Historic house in Connecticut, United States

The George Atwater House is a historic house at 1845 State Street in Hamden, Connecticut. Built about 1820, it is a good local example of a vernacular Federal period farmhouse, with a well-preserved interior and unusual floorplan. It was listed on the National Register of Historic Places in 1992.

==Description and history==
The George Atwater House is located in southeastern Hamden, on the east side of State Street (United States Route 5) near its junction with Hyde Street. It is a 2 1/2-story wood-frame structure, with a gabled roof and clapboarded exterior. Unusual for the Federal period, its roof ridge is oriented perpendicular to the road, with the main entrance facing the street in the rightmost of three bays.
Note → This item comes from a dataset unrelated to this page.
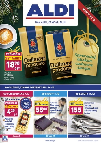 {loadposition linkAldi} 'Sprezentuj bliskim cudowne święta' - nowa gazetka promocyjna Aldi. Polecane promocje z gazetki Aldi: Kawa mielona Dallmayr Prodomo 500 g - 18,90 zł. Skórzany zestaw upominkowy Royal Life - 55 zł. Zestaw sztućców Luna 60 elementów -155…

The main roof gable is fully pedimented, with a half-round window at its center. The entrance is sheltered by an early 20th-century gabled portico supported by square posts, with a half-round transom-like pattern in its gable that stylistically echoes the window in the main gable. Windows are set in retangular openings, with projecting cornices above. The interior retains many period finishes, including a particularly fine carved fireplace surround in the main parlor. The interior layout is unusual because of the presence of an original single-story ell projecting to the north, where the kitchen was originally placed. A mid-19th century gabled ell also extends to the south at an offset.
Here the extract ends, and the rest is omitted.